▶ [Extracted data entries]
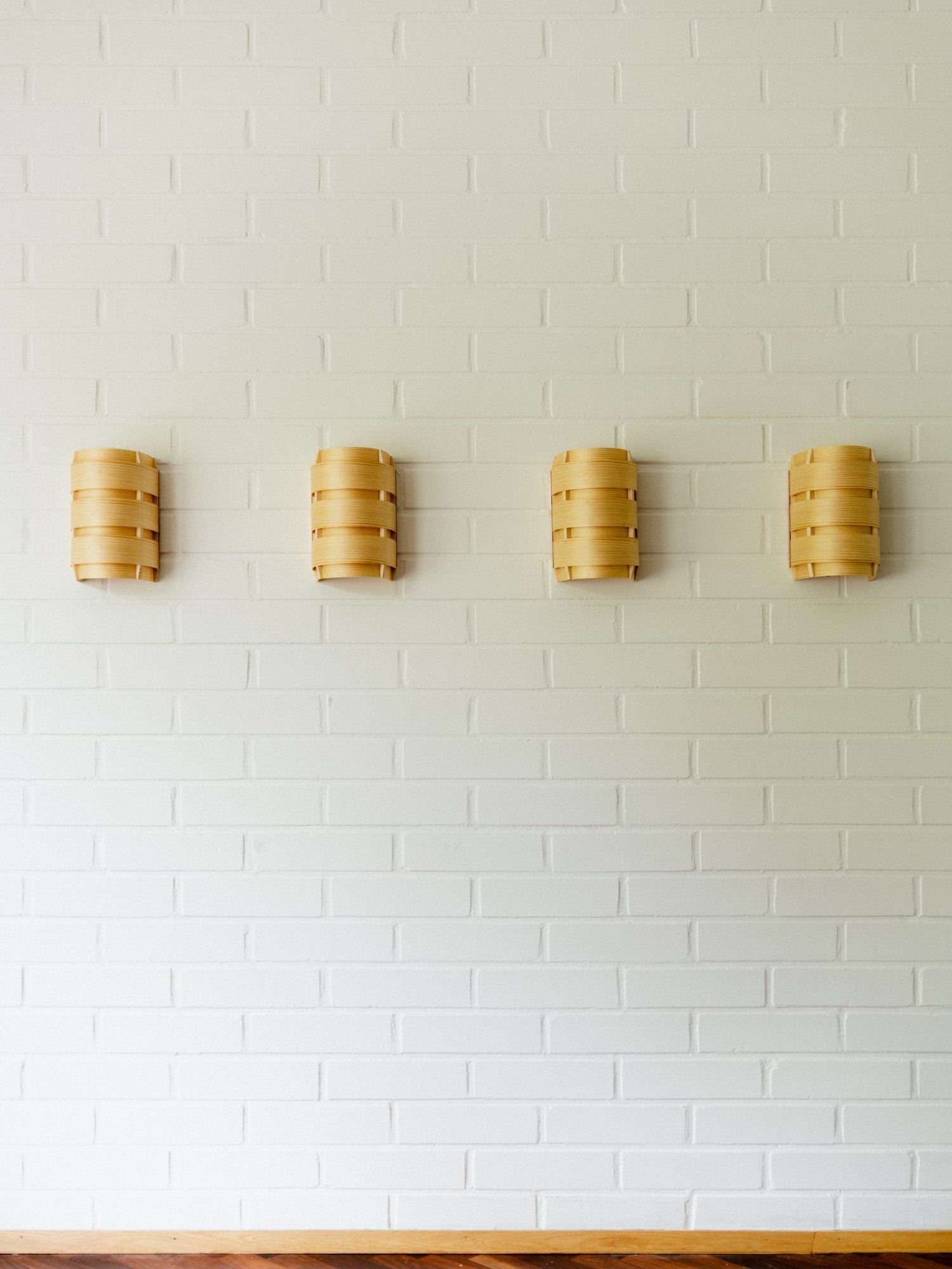 This smallest member of the family can be used singularly in small spaces or in rhythmic multiple—alone or in concert with other Hans pieces—wherever the warm glow of pine-filtered light is desired. The construction of these wall lights has been reengineered and uses the best quality pine veneer and sections of solid Finnish pine.
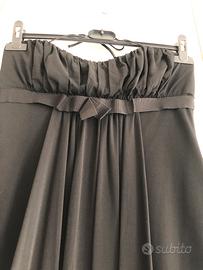 Elegante abito nero stile impero. Si annoda con un sottile laccetto dietro al collo. La gonna a palloncino è lunga fin sopra al ginocchio. Usato poco. Buone condizioni. Taglia S
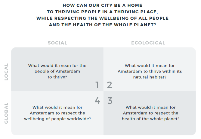 The Amsterdam Doughnut report is available online, and it uses four ‘lenses’ to help ask good questions and guide discussion about directions for the city.
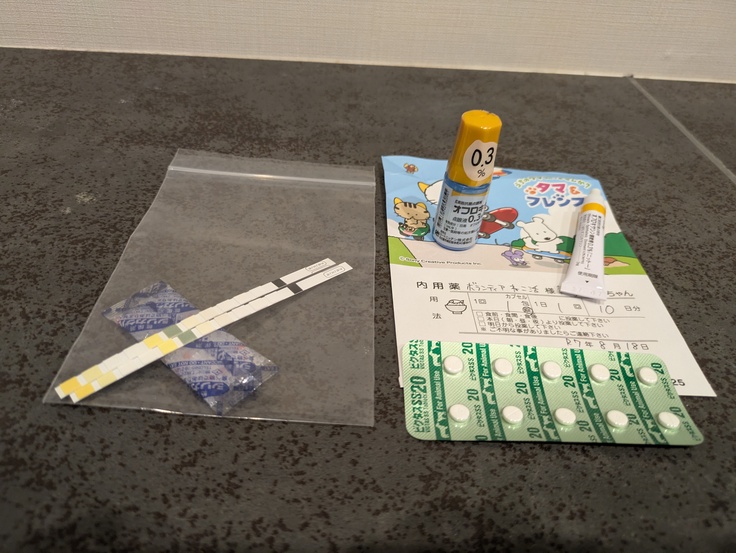 投薬をしていたためか少し赤いくらいまで回復していましたが念の為点眼薬、眼軟膏、抗生剤の薬をいただいてきました。
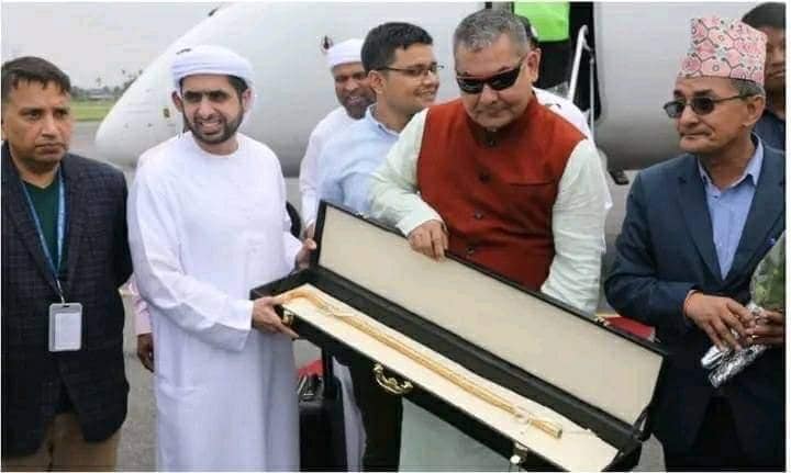 काठमाडौं / संयुक्त अरब इमिरेट्स (युएई) का राजकुमार शेख मोहम्मद माक्तुम जुमा ला माक्तुमले मेडिकल व्यवसायी तथा एमाले केन्द्रीय सदस्य दुर्गा प्रसाईंलाई उपहार दिएको ‘सुनको लौरो’ बारे रहस्यको खोजी भइरहेको छ ।
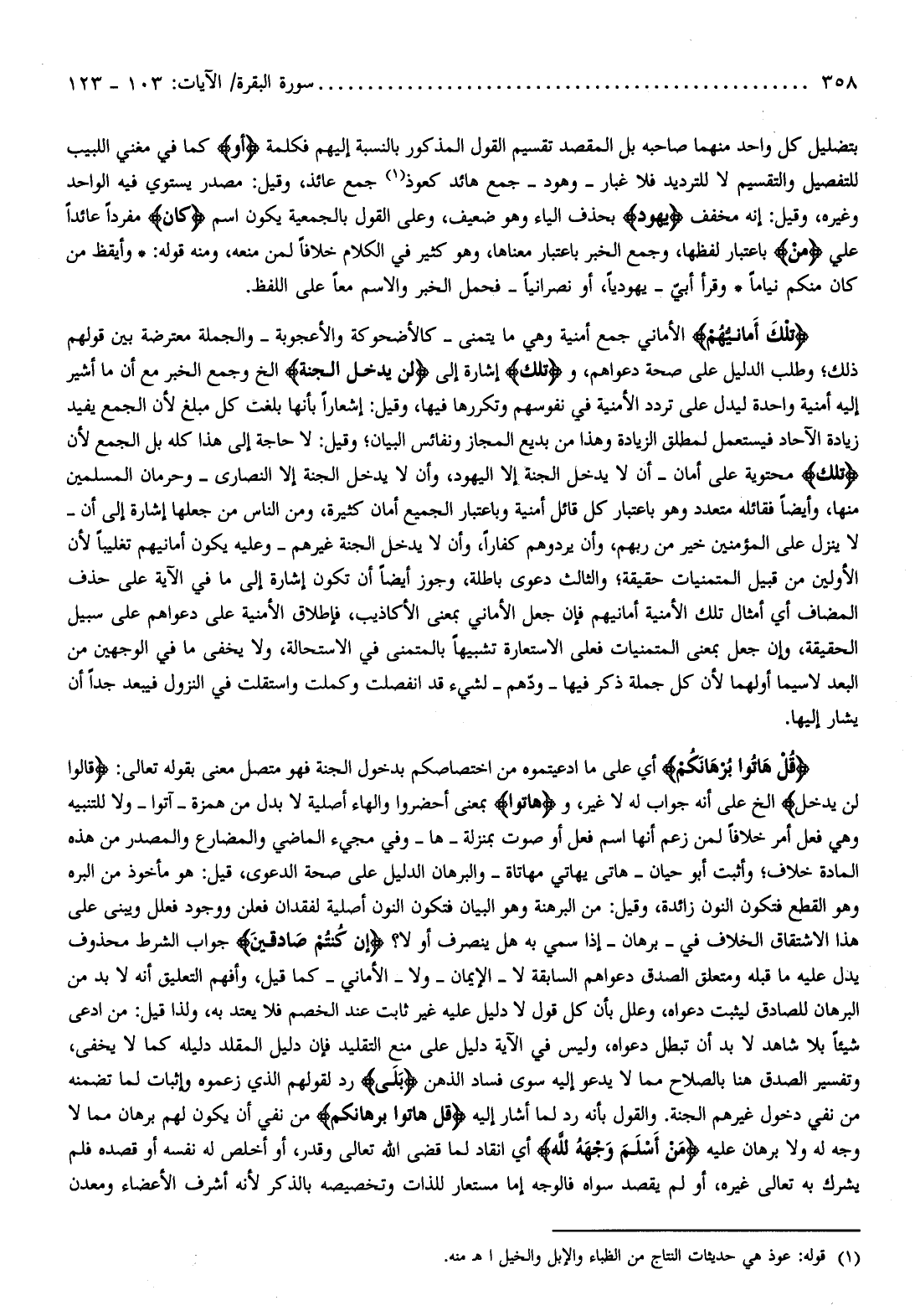 قُلْ هاتُوا بُرْهانَكُمْ أي على ما ادعيتموه من اختصاصكم بدخول الجنة فهو متصل معنى بقوله تعالى: قالُوا لَنْ يَدْخُلَ إلخ على أنه جواب له لا غير، وهاتُوا بمعنى أحضروا والهاء أصلية لا بدل من همزة- آتوا- ولا للتنبيه وهي فعل أمر خلافا لمن زعم أنها اسم فعل أو صوت بمنزلة- ها- وفي مجيء الماضي والمضارع والمصدر من هذه المادة خلاف وأثبت أبو حيان- هاتى يهاتي مهاتاة- والبرهان الدليل على صحة الدعوى، قيل: هو مأخوذ من البرة وهو القطع فتكون النون زائدة، وقيل: من البرهنة وهو البيان فتكون النون أصلية لفقدان فعلن ووجود فعلل ويبنى على هذا الاشتقاق الخلاف في- برهان- إذا سمي به هل ينصرف أو لا؟ إِنْ كُنْتُمْ صادِقِينَ جواب الشرط محذوف يدل عليه ما قبله ومتعلق الصدق دعواهم السابقة لا- الإيمان- ولا- الأماني- كما قيل، وأفهم التعليق أنه لا بد من البرهان للصادق ليثبت دعواه، وعلل بأن كل قول لا دليل عليه غير ثابت عند الخصم فلا يعتد به، ولذا قيل: من ادعى شيئا بلا شاهد لا بد أن تبطل دعواه، وليس في الآية دليل على منع التقليد فإن دليل المقلد دليله كما لا يخفى، وتفسير الصدق هنا بالصلاح مما لا يدعو إليه سوى فساد الذهن بَلى رد لقولهم الذي زعموه وإثبات لما تضمنه من نفي دخول غيرهم الجنة. والقول بأنه رد لما أشار إليه قُلْ هاتُوا بُرْهانَكُمْ من نفي أن يكون لهم برهان مما لا وجه له ولا برهان عليه مَنْ أَسْلَمَ وَجْهَهُ لِلَّهِ أي انقاد لما قضى الله تعالى وقدر، أو أخلص له نفسه أو قصده فلم يشرك به تعالى غيره، أو لم يقصد سواه فالوجه إما مستعار للذات وتخصيصه بالذكر لأنه أشرف الأعضاء ومعدن
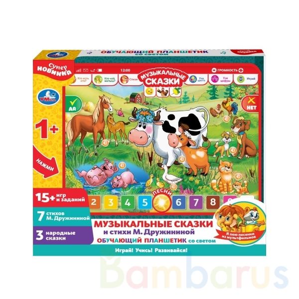 Обучающий планшет со светом «Музыкальные сказки и стихи М. Дружининой» ТМ «УМка» станет прекрасным подарком для маленьких любознаек:
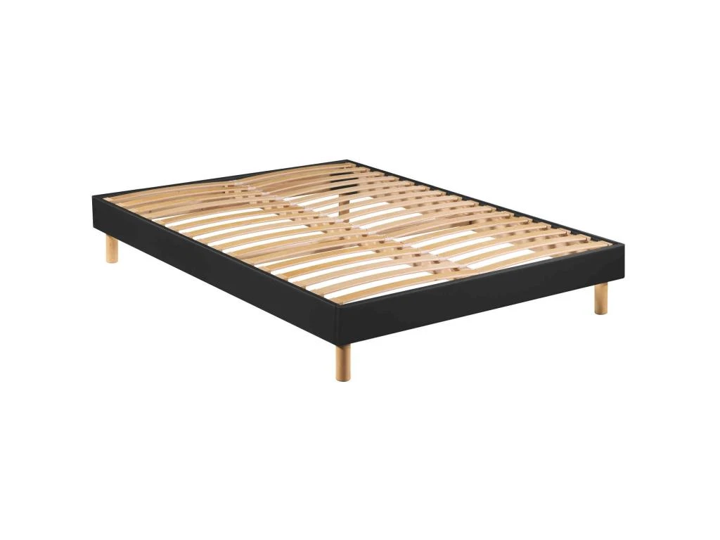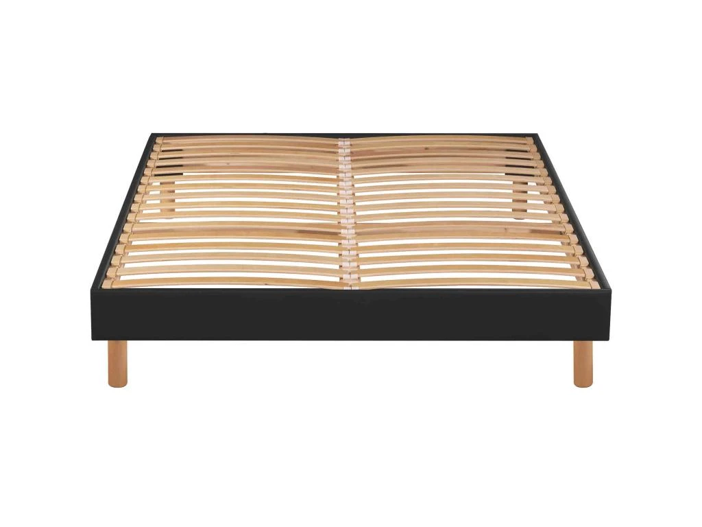 – Suspension : 2×16 lattes en bois de bouleau multiplis (en 140×190), insérées dans des embouts de protection
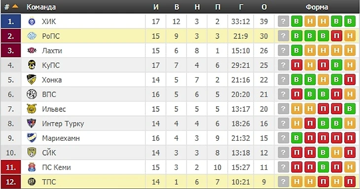 Футбол. Чемпионат Финляндии.
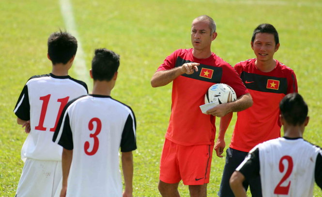 | HLV Guillaume Graechen chỉ đạo các cầu thủ trong buổi tập. Ảnh; N.K |
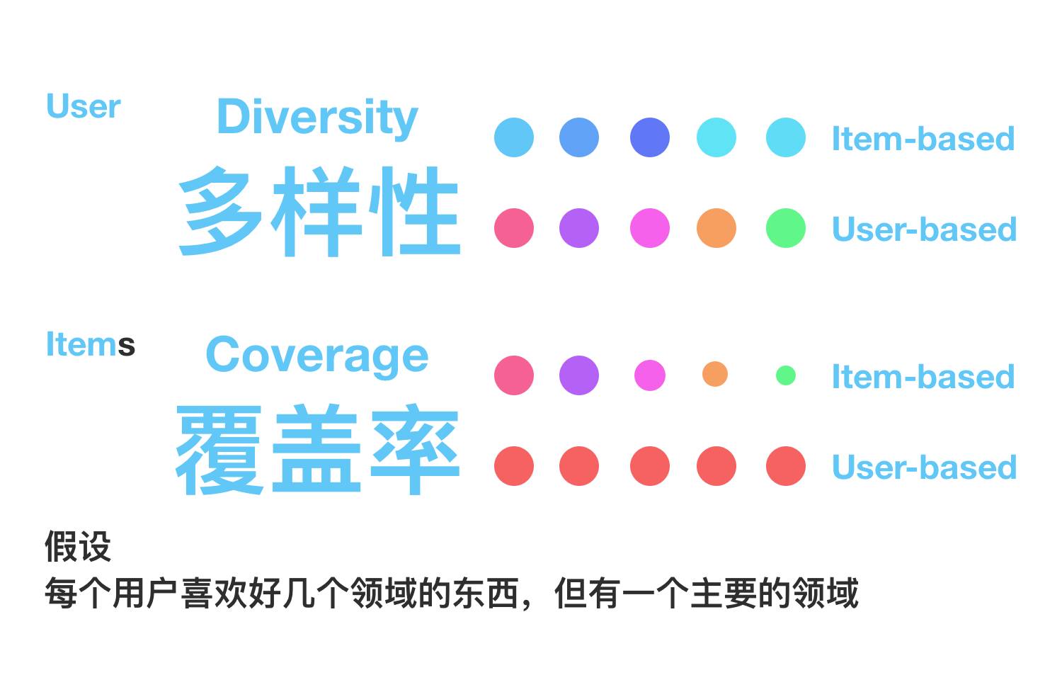 而 Item CF 只推荐 A 领域给用户,这样他有限的推荐列表中就可能包含了一定数量的不热门的长尾物品,同时 Item CF 的推荐对这个用户而言,显然多样性不足。但是对整个系统而言,因为不同的用户的主要兴趣点不同,所以系统的覆盖率会比较好。
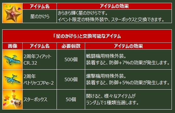 イベント期間中、ミッション開始時に星が出現します!出現した星を撃墜すると、一定確率で「星のかけら」をゲット!星のかけらを集めると、生命の木でイベント限定の特殊外装や「スターボックス」と交換できます!ぜひこの機会に挑戦して、2周年記念の特殊外装をゲットしてください!
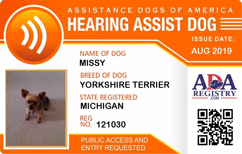 Hearing Assistance Dog Registration for Missy
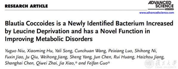 5月15日,脑科学转化研究院郭非凡教授课题组和暨南大学附属第一医院肖佳研究员团队在Advanced Science杂志上正式发表了题为“Blautia Coccoides is a Newly Identified Bacterium Increased by Leucine Deprivation and has a Novel Function in Improving Metabolic Disorders”的研究文章,首次发现了响应亮氨酸缺乏的新型肠道益生菌Blautia Coccoides在缓解高脂饮食诱导的胰岛素抵抗、脂肪堆积方面的新功能和分子机制。该研究丰富了对亮氨酸缺乏改善机体糖脂代谢机制的理解,为肥胖、2型糖尿病等慢性代谢性疾病的药物研发提供了新的潜在靶点。

▶ [REQUIRED WORK] Through the line containing "Elegante abito nero" and no further, restate the data above word for word from its first line, leaving out pictures.

▶ [WRITTEN ANSWER]
 This smallest member of the family can be used singularly in small spaces or in rhythmic multiple—alone or in concert with other Hans pieces—wherever the warm glow of pine-filtered light is desired. The construction of these wall lights has been reengineered and uses the best quality pine veneer and sections of solid Finnish pine.
 Elegante abito nero stile impero. Si annoda con un sottile laccetto dietro al collo. La gonna a palloncino è lunga fin sopra al ginocchio. Usato poco. Buone condizioni. Taglia S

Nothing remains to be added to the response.